Every line below from the one containing "Гостям предлагаются номера" through the one containing "En cuanto a" is to be printed exactly, with the pictures omitted.

(Stored records)
__________

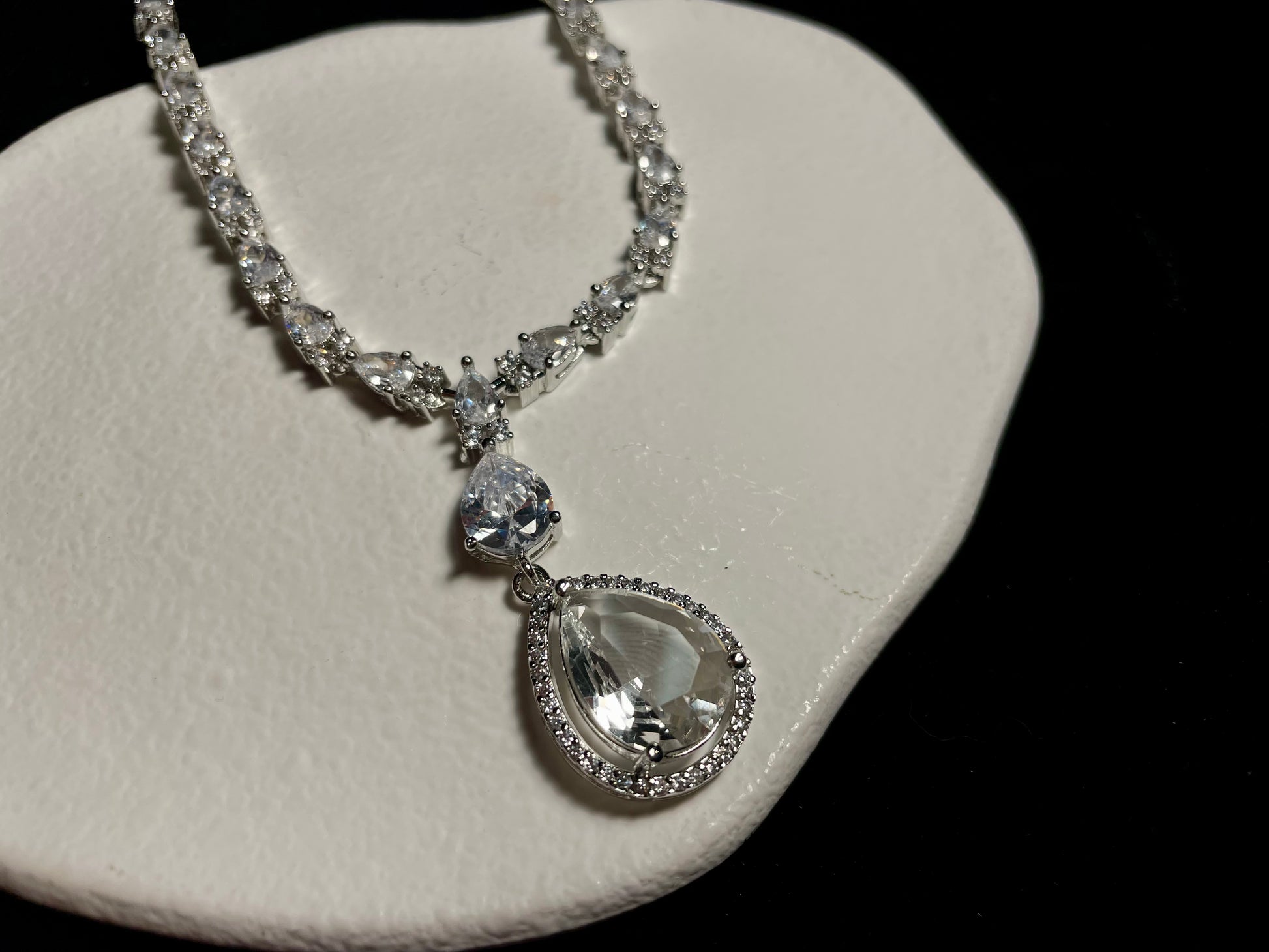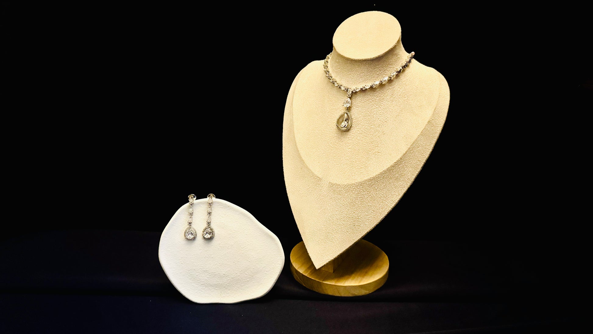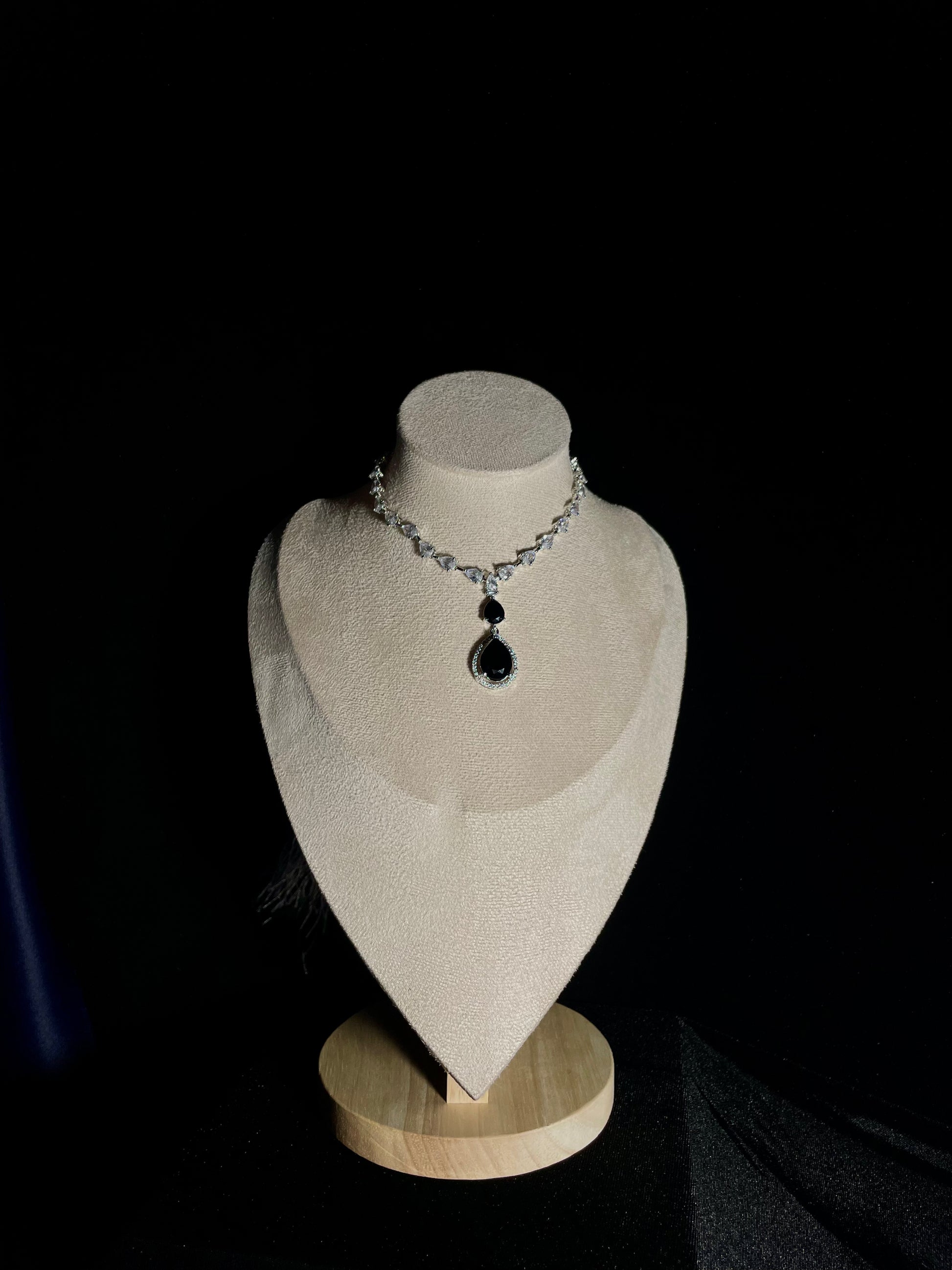 This set includes earrings that are approximately 2" in length and a necklace.
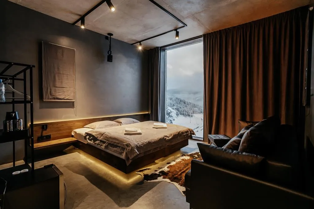 Гостям предлагаются номера с дизайнерским оформлением, панорамными окнами и комбинированным освещением. В номерах установлены проекторы.
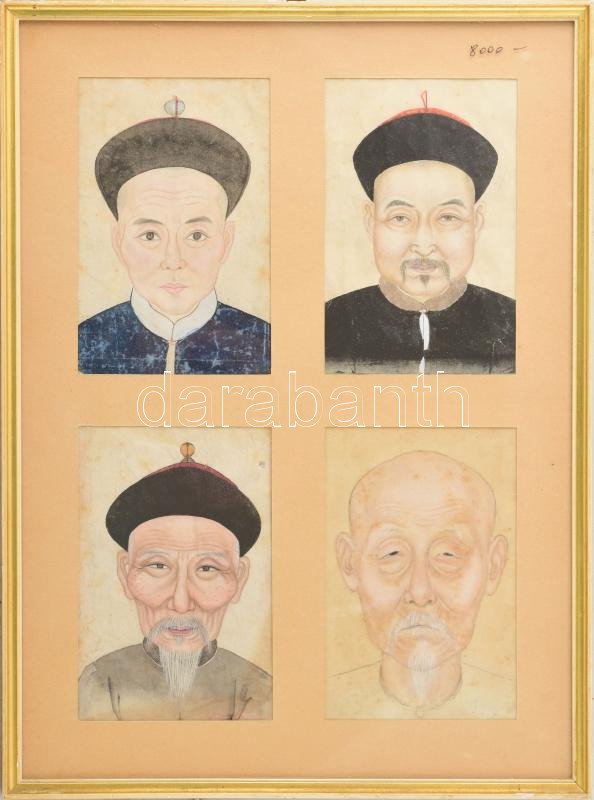 Jelzés nélkül: Ázsiai férfi arcképek, össz. 4 db egy keretben. Vegyes technika, papír, foltos, részben kissé sérült. Üvegezett, kissé sérült fakeretben, 15x10 (x4) cm
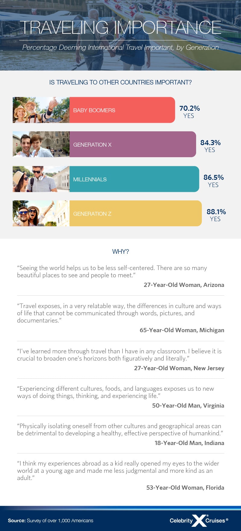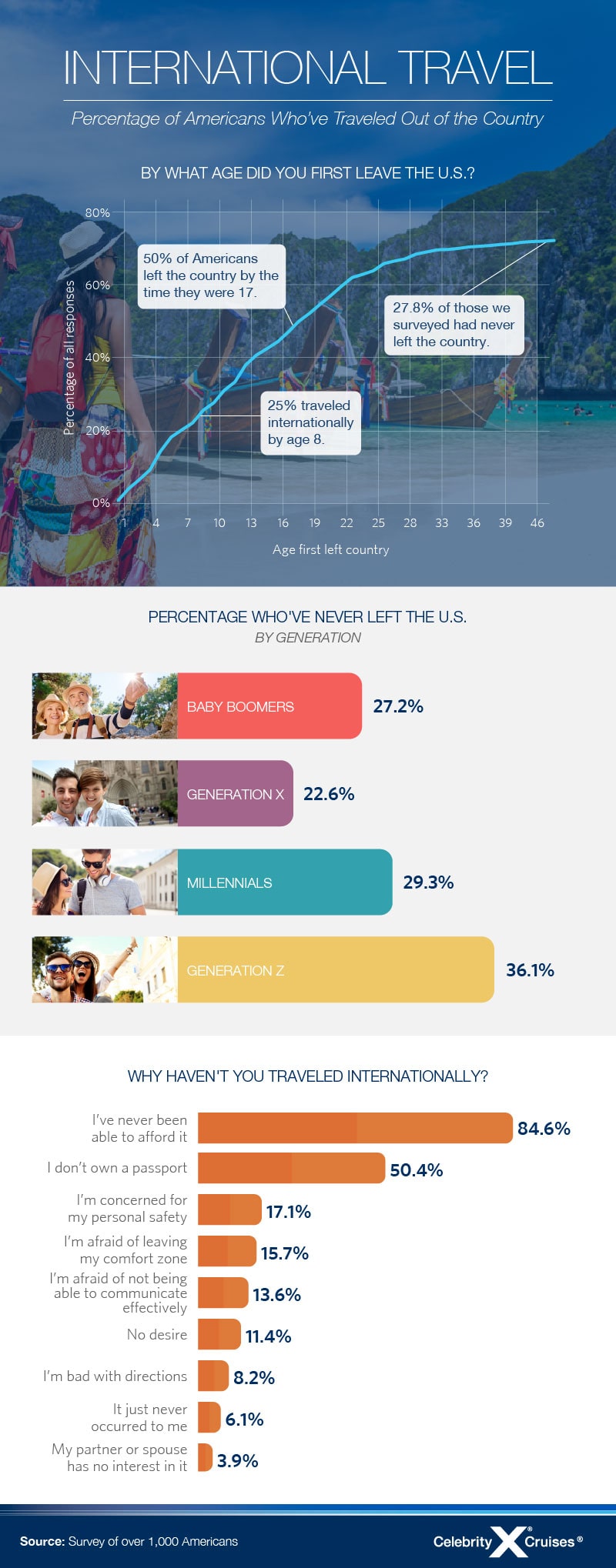 Among the individuals surveyed, the majority had ventured abroad: Less than 28 percent had never left America. In fact, half of respondents had traveled outside the U.S. by the time they turned 17, and a quarter had done so by age 8. Understandably, members of Generation Z and millennials had the highest percentage of respondents without international experiences: These young people may not have had the opportunity yet. However, 27 percent of baby boomers had also abstained from international travel, suggesting a longstanding lack of interest or ability. Their window of opportunity has not yet closed, though. Recent research suggests that nearly half of senior citizens hope to travel abroad in the near future.
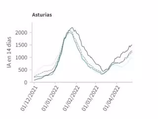 En cuanto a la incidencia en mayores de 60 años, se sitúa en Asturias en 1.205,49 casos por cada 100.000 habitantes en los últimos 14 días, muy superior a la incidencia nacional (608,16 casos).
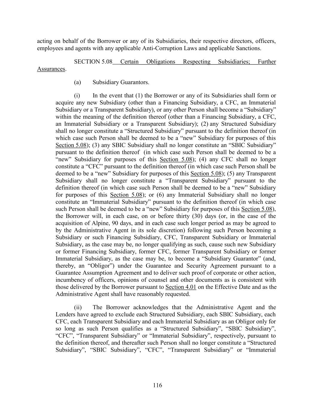 acting on behalf of the Borrower or any of its Subsidiaries, their respective directors, officers, employees and agents with any applicable Anti-Corruption Laws and applicable Sanctions. SECTION 5.08 Certain Obligations Respecting Subsidiaries; Further Assurances. (a) Subsidiary Guarantors. (i) In the event that (1) the Borrower or any of its Subsidiaries shall form or acquire any new Subsidiary (other than a Financing Subsidiary, a CFC, an Immaterial Subsidiary or a Transparent Subsidiary), or any other Person shall become a “Subsidiary” within the meaning of the definition thereof (other than a Financing Subsidiary, a CFC, an Immaterial Subsidiary or a Transparent Subsidiary); (2) any Structured Subsidiary shall no longer constitute a “Structured Subsidiary” pursuant to the definition thereof (in which case such Person shall be deemed to be a “new” Subsidiary for purposes of this Section 5.08); (3) any SBIC Subsidiary shall no longer constitute an “SBIC Subsidiary” pursuant to the definition thereof (in which case such Person shall be deemed to be a “new” Subsidiary for purposes of this Section 5.08); (4) any CFC shall no longer constitute a “CFC” pursuant to the definition thereof (in which case such Person shall be deemed to be a “new” Subsidiary for purposes of this Section 5.08); (5) any Transparent Subsidiary shall no longer constitute a “Transparent Subsidiary” pursuant to the definition thereof (in which case such Person shall be deemed to be a “new” Subsidiary for purposes of this Section 5.08); or (6) any Immaterial Subsidiary shall no longer constitute an “Immaterial Subsidiary” pursuant to the definition thereof (in which case such Person shall be deemed to be a “new” Subsidiary for purposes of this Section 5.08), the Borrower will, in each case, on or before thirty (30) days (or, in the case of the acquisition of Alpine, 90 days, and in each case such longer period as may be agreed to by the Administrative Agent in its sole discretion) following such Person becoming a Subsidiary or such Financing Subsidiary, CFC, Transparent Subsidiary or Immaterial Subsidiary, as the case may be, no longer qualifying as such, cause such new Subsidiary or former Financing Subsidiary, former CFC, former Transparent Subsidiary or former Immaterial Subsidiary, as the case may be, to become a “Subsidiary Guarantor” (and, thereby, an “Obligor”) under the Guarantee and Security Agreement pursuant to a Guarantee Assumption Agreement and to deliver such proof of corporate or other action, incumbency of officers, opinions of counsel and other documents as is consistent with those delivered by the Borrower pursuant to Section 4.01 on the Effective Date and as the Administrative Agent shall have reasonably requested. (ii) The Borrower acknowledges that the Administrative Agent and the Lenders have agreed to exclude each Structured Subsidiary, each SBIC Subsidiary, each CFC, each Transparent Subsidiary and each Immaterial Subsidiary as an Obligor only for so long as such Person qualifies as a “Structured Subsidiary”, “SBIC Subsidiary”, “CFC”, “Transparent Subsidiary” or “Immaterial Subsidiary”, respectively, pursuant to the definition thereof, and thereafter such Person shall no longer constitute a “Structured Subsidiary”, “SBIC Subsidiary”, “CFC”, “Transparent Subsidiary” or “Immaterial 116
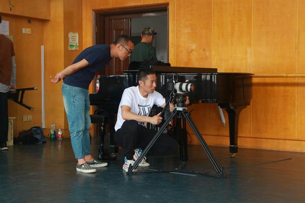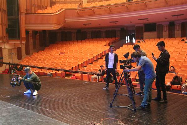 “拍摄计划安排得很紧凑,任务挺重的,如果演员专业性不够,那我们的压力就大了。”来自中国教育电视台《传承的力量》栏目组导演关强紧盯着摄像机监视器接受了我院学生记者的采访,“这次节目的选取面很广,有大中小学,也有专业和业余的差别,《凳之龙》作为专业艺术院校的的优秀作品入选,因为它取材于民间,又糅合了多种艺术形式,艺术感特别强,很符合我们栏目组‘传承’的主题。”在浙艺拍摄舞台作品的效果非常理想,关强盛赞演员们的舞台功底,“我对浙艺的学生印象很好,他们主动配合,才小半天就和我们栏目组的编导们结成了朋友,和他们刚刚接触的时候没有陌生的违和感,这让我们在拍摄上节省了不少精力,特别在动作展示上,真的非常专业,下了不少功夫。”
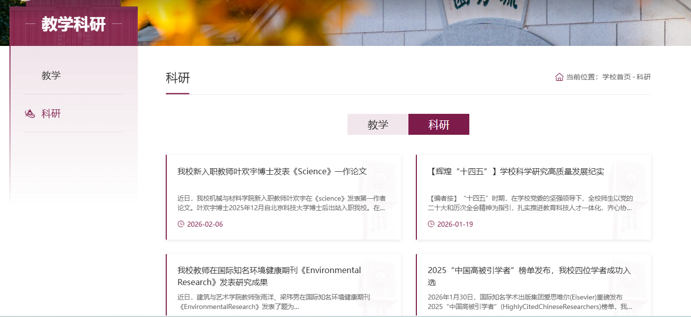 1.新增“教学.科研”栏目,聚焦学校教学工作创新两点,跟踪科研动态,展现学校助力高水平科技自立自强生动实践。
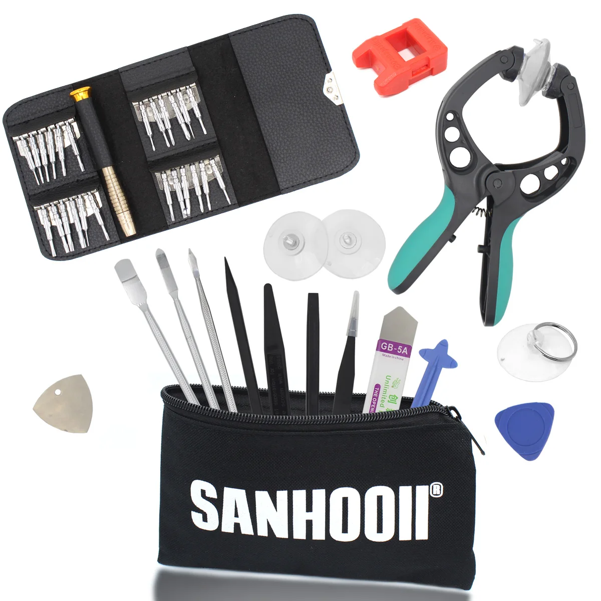 【Отвертка】Высокоточные биты для отвертки - 24 шт., изготовленные из высококачественной (хромованадиевой) стали. Твердость стали может достигать HRC 52-60. 【Плоскогубцы с присосками】Специально разработанные для iPhones. Идеально подходят для ремонта мобильных телефонов, ноутбуков, персональных цифровых помощников, ПК и других устройств. 【Инструмент для вскрытия】Оснащен умным кончиком и противоскользящей ручкой. 【Устройство для захвата винтов】Если отвертки потеряют свои магнитные свойства, их можно повторно намагнитить. 【Сумка для инструментов SANHOOII】Изготовлена из прочной рубашечной ткани и удобна для переноски.
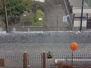 Secchiate d'acqua, ghiaccio e forte vento, conditi da tuoni e fulmini. E' il forte temporale che si è abbattuto oggi sul capoluogo. Divelti alcuni dehors. Si segnalano alberi caduti o completamente "spogliati" e traffico in tilt. Allagate cantine e soffitte
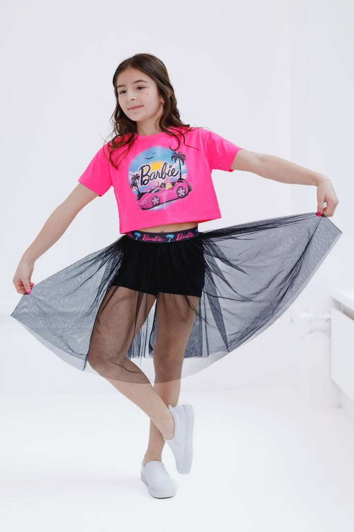 Get ready for an adventure in the Dreamhouse and embrace Barbie's amazing sense of style in this fashionable Barbie outfit! This cute short sleeve shirt and skort set features a pretty tulle ballerina skirt, cool crop top, and colorful Malibu Barbie artwork that your little girl will love to wear! Made of a soft material that keeps your fashionista comfortable, this stylish Barbie clothing set is the perfect outfit for all-day fun and play! BARBIE (R) and associated trademarks and trade dress are owned by, and used under license from, Mattel. (c) 2024 Mattel.
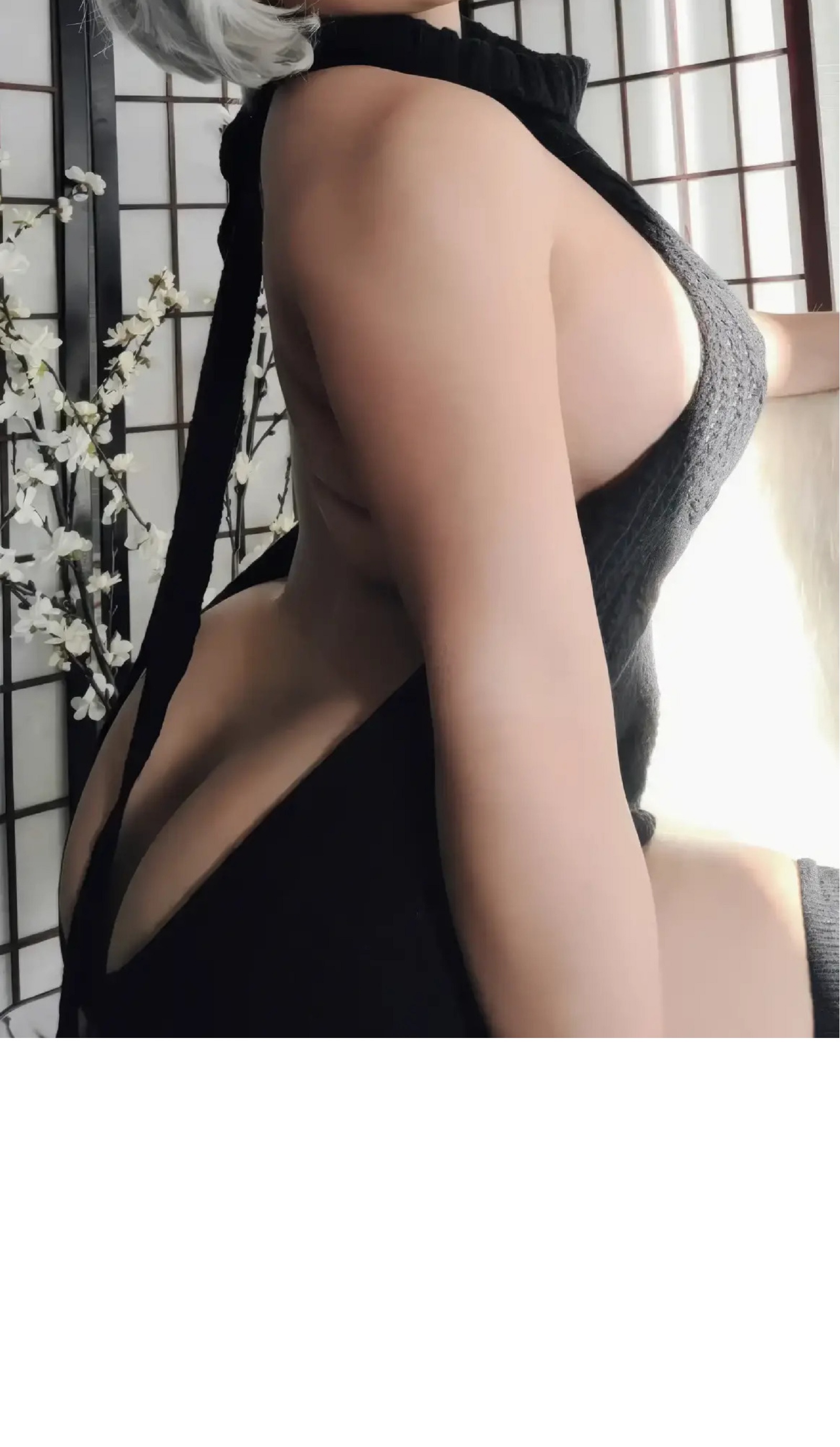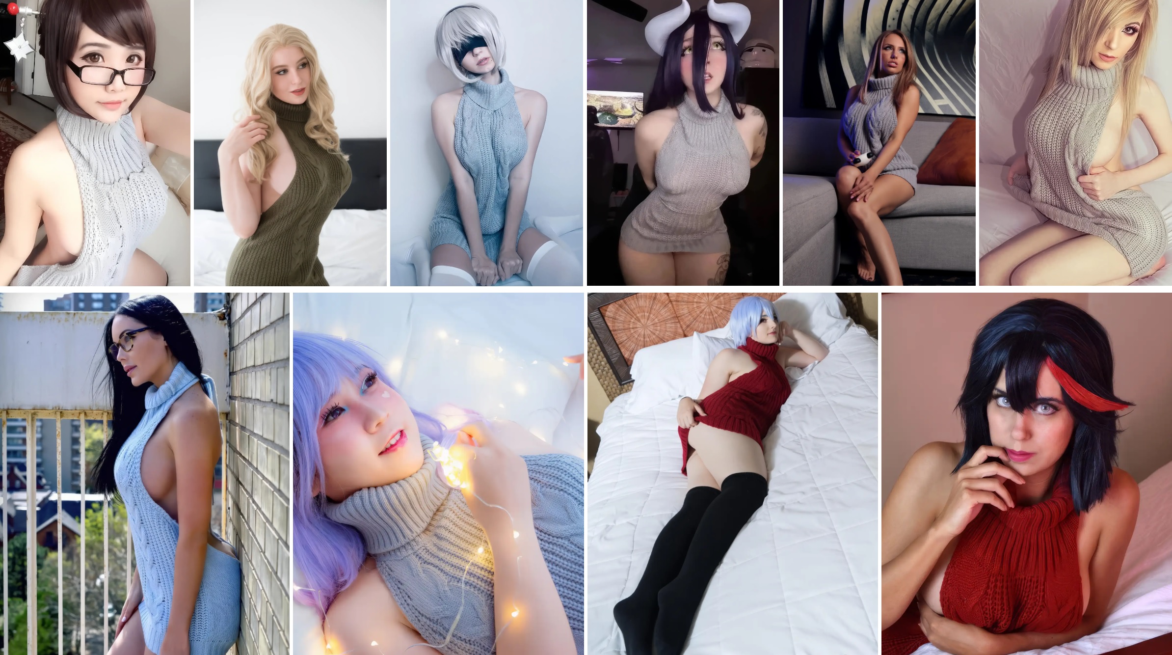 Because the back and sides are open, traditional bras almost never work. The reliable alternatives are adhesive nipple covers, silicone or fabric stick on cups for lift, medical grade body tape for shaping, and a very low micro thong in a color close to your skin tone. Test all adhesives on a small area the day before a session to rule out irritation. The most convincing outfits treat support as an invisible foundation and layer style on top. Overknee socks and sheer or opaque stockings draw the eye down the legs and help the mini length feel intentional rather than accidental. A slim choker or a soft collar echoes the tall neckline, and a cropped cardigan or a faux fur shrug can act as a quick modesty layer when moving between rooms without destroying the back view when removed. If you wear long hair, plan two looks: hair down for the front shots and hair lifted or tied for the back shots so the oval opening reads cleanly in at least a few frames. Small choices like matching nail polish to the knit color or selecting metallic accessories that repeat a chain strap detail create the impression of a styled character rather than a random sweater worn indoors.

__________

### PROBLEM SOLUTION
 Гостям предлагаются номера с дизайнерским оформлением, панорамными окнами и комбинированным освещением. В номерах установлены проекторы.
 Jelzés nélkül: Ázsiai férfi arcképek, össz. 4 db egy keretben. Vegyes technika, papír, foltos, részben kissé sérült. Üvegezett, kissé sérült fakeretben, 15x10 (x4) cm
 Among the individuals surveyed, the majority had ventured abroad: Less than 28 percent had never left America. In fact, half of respondents had traveled outside the U.S. by the time they turned 17, and a quarter had done so by age 8. Understandably, members of Generation Z and millennials had the highest percentage of respondents without international experiences: These young people may not have had the opportunity yet. However, 27 percent of baby boomers had also abstained from international travel, suggesting a longstanding lack of interest or ability. Their window of opportunity has not yet closed, though. Recent research suggests that nearly half of senior citizens hope to travel abroad in the near future.
 En cuanto a la incidencia en mayores de 60 años, se sitúa en Asturias en 1.205,49 casos por cada 100.000 habitantes en los últimos 14 días, muy superior a la incidencia nacional (608,16 casos).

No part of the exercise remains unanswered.